-- RECORDS SHOWN follows --

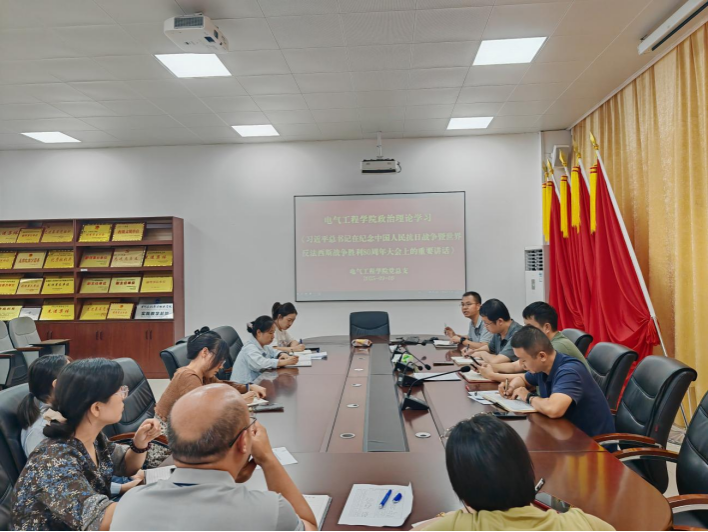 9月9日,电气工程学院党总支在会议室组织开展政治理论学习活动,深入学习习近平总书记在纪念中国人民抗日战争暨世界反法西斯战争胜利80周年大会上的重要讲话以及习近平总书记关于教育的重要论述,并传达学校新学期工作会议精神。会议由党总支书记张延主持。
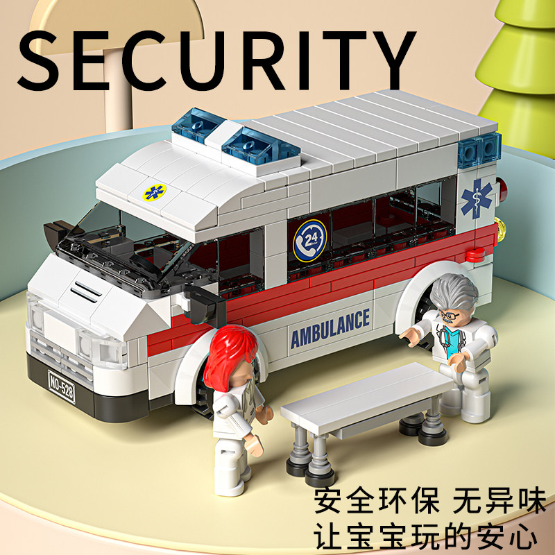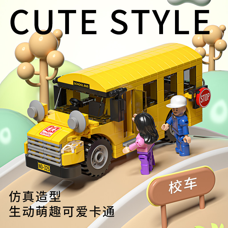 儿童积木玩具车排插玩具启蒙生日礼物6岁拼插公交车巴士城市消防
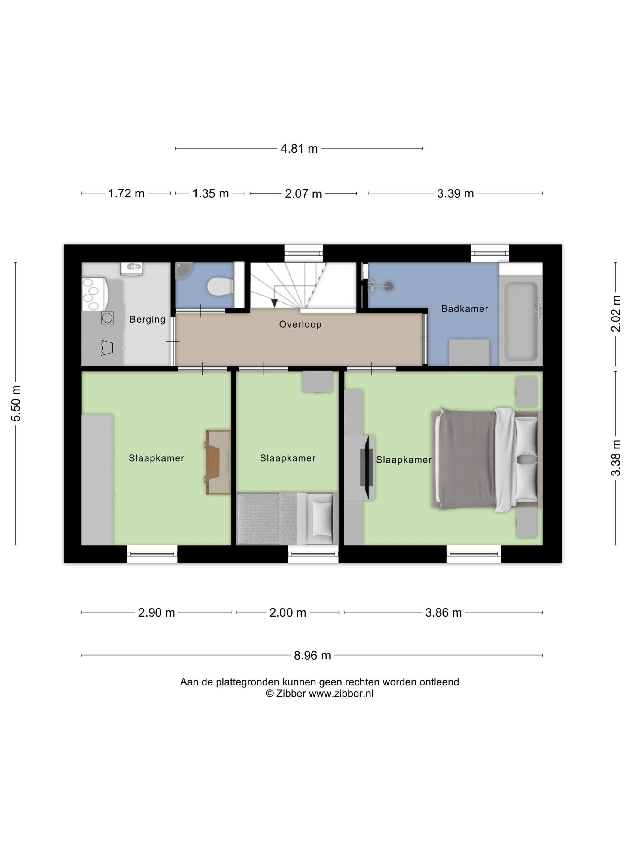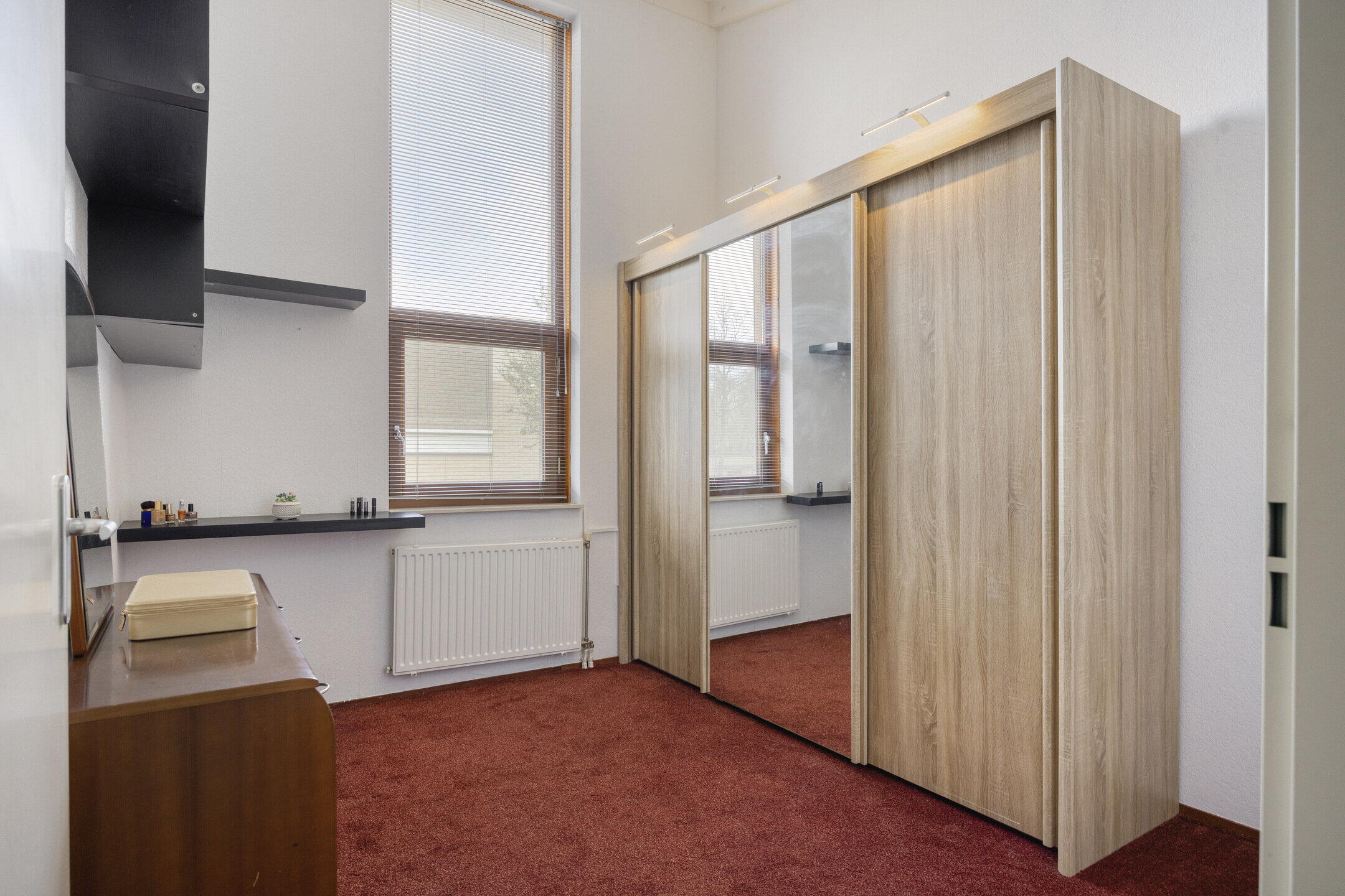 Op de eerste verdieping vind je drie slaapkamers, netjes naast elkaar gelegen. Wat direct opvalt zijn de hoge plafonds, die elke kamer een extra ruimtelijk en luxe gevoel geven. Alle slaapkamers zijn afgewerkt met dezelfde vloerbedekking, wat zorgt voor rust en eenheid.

-- RECORDS SHOWN concluded --
-- RECORDS SHOWN follows --

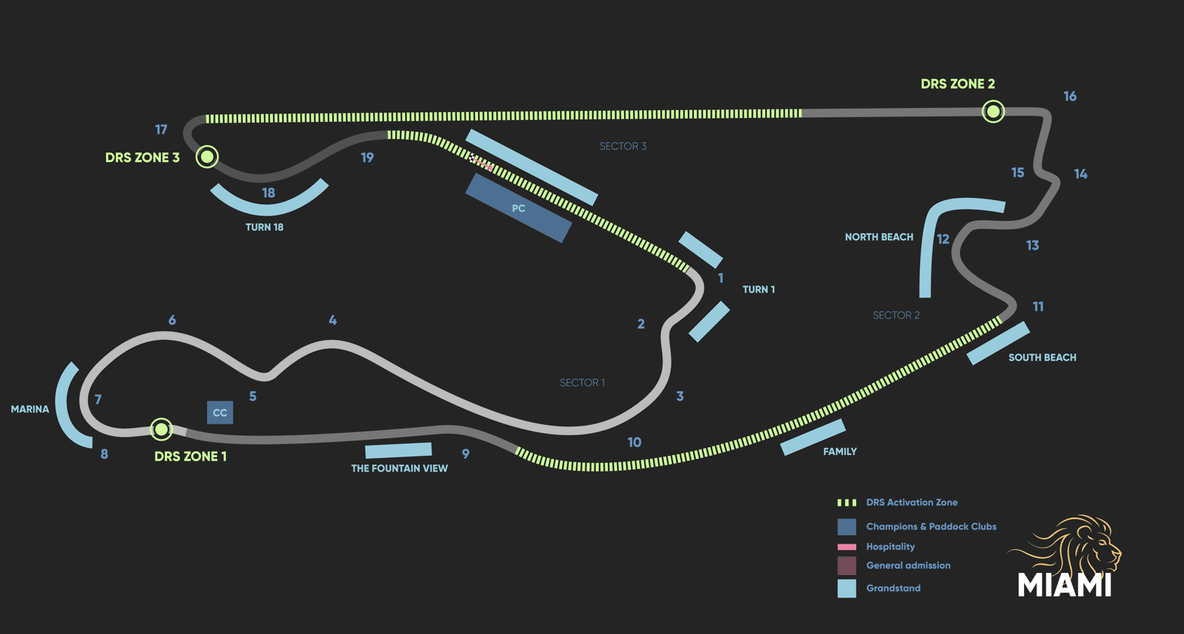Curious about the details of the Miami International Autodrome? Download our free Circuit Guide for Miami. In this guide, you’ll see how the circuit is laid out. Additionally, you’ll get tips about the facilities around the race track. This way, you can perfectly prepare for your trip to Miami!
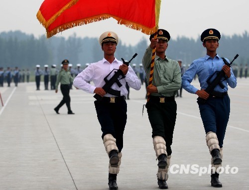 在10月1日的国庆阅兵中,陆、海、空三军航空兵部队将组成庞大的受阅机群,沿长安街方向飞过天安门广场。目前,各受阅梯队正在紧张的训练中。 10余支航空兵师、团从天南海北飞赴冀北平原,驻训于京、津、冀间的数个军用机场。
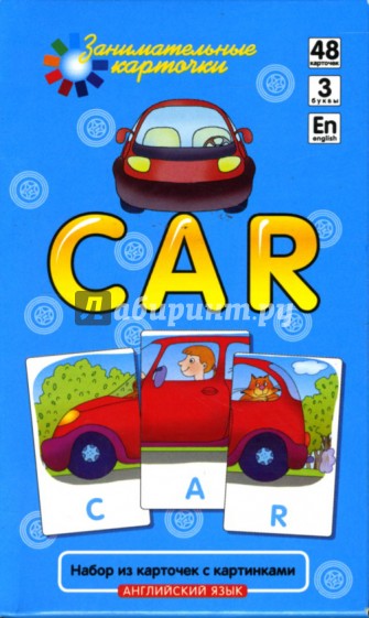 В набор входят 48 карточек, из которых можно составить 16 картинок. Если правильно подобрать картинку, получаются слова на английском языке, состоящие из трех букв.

-- RECORDS SHOWN concluded --
-- RECORDS SHOWN follows --

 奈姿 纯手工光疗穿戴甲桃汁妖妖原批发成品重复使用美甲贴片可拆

-- RECORDS SHOWN concluded --

* _BRIEF_
With pictures omitted, repeat the entries above word for word from the line holding "9月9日,电气工程学院党总支" down to the line holding "Op de eerste", keeping both of those lines.

* _OUTPUT FOR THIS TASK_
 9月9日,电气工程学院党总支在会议室组织开展政治理论学习活动,深入学习习近平总书记在纪念中国人民抗日战争暨世界反法西斯战争胜利80周年大会上的重要讲话以及习近平总书记关于教育的重要论述,并传达学校新学期工作会议精神。会议由党总支书记张延主持。
 儿童积木玩具车排插玩具启蒙生日礼物6岁拼插公交车巴士城市消防
 Op de eerste verdieping vind je drie slaapkamers, netjes naast elkaar gelegen. Wat direct opvalt zijn de hoge plafonds, die elke kamer een extra ruimtelijk en luxe gevoel geven. Alle slaapkamers zijn afgewerkt met dezelfde vloerbedekking, wat zorgt voor rust en eenheid.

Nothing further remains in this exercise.